With regard to image analysis, 3D algorithms that do not rely on assumptions about the underlying structure should be used to compute trabecular and cortical bone morphometry whenever possible. Whereas tissue mineral density measurements are possible with µCT systems, significant artifacts can be associated with the use of polychromatic X-ray sources, and therefore, these measurements must be conducted with extreme care and interpreted with caution.
With regard to reporting of µCT results, the minimal set of variables that should be used to describe trabecular bone morphometry include bone volume fraction and trabecular number, thickness, and separation. The minimal set of variables that should be used to describe cortical bone morphometry includes total cross-sectional area, cortical bone area, cortical bone area fraction, and cortical thickness. Other variables also may be appropriate depending on the research question. Standard nomenclature, as outlined in Tables 2 and 3, should be followed for the reporting of results.
With regard to presentation of µCT images, either 2D or 3D images are appropriate, but the criteria used to select the “representative” image(s) must be described either in the methods section or the figure legend.
With regard to quality control, investigators should follow manufacturer-specific instructions for regular quality control and document that these instructions are followed. All images should be inspected visually to identify possible scanning artifacts.
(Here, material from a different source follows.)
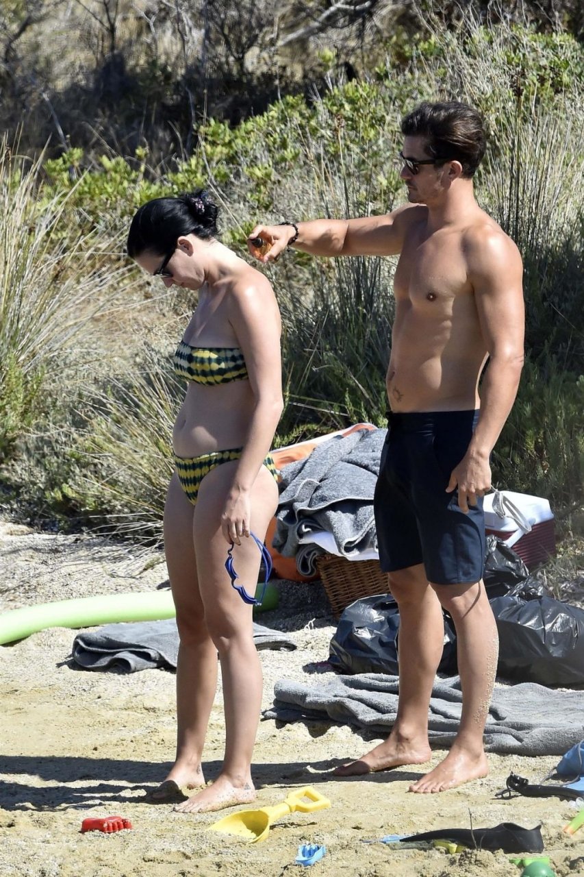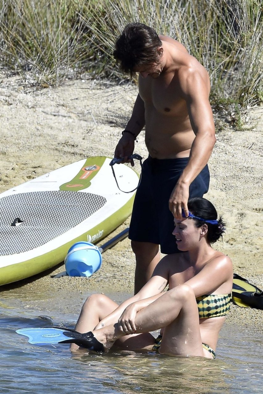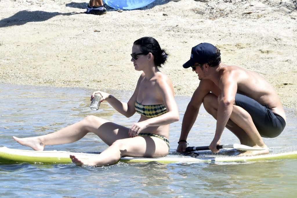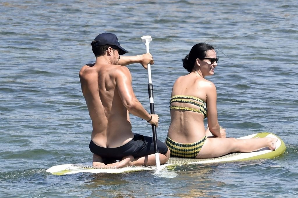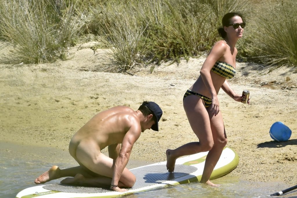 AQUÍ EN LA FOTO: Katy Perry y su novio Orlando Bloom disfrutan de un divertido día en la playa mientras vacacionan en Italia, 02/08/2019. La pareja ardiente se entregó a actividades acuáticas como el snorkel y el paddleboard. Orlando fue todo un exhibicionista al quitarse sus shorts de baño y dejarlo todo al descubierto mientras remaba a Katy en su paddleboard. Katy y Orlando almorzaron en la playa y se les puede ver besándose y abrazándose bajo el sol mientras parecen estar realmente enamorados.

All the authors state that they have no conflicts of interest.
We acknowledge the following individuals (listed alphabetically) who provided helpful comments during the drafting of these guidelines: Mohammed Ahkter, Andrew Burghardt, Robert Fajardo, Claus Glüer, Marc Grynpas, Stefan Judex, Rasesh Kapadia, Andres Laib, Sharmila Majumdar, Michael Ominsky, Phil Salmon, Neil Sharkey, Matthew Silva, Larry Suva, and Aurore Varela, and Laurence Vico. We also thank Rajaram Manoharan of the Center for Advanced Orthopedic Studies at Beth Israel Deaconess Medical Center and Andres Laib of Scanco Medical AG for providing several figures.
Note that our definition of TV as total volume differs from that of the histomorphometry nomenclature guidelines by Parfitt and colleagues (1987),1 where TV represents tissue volume.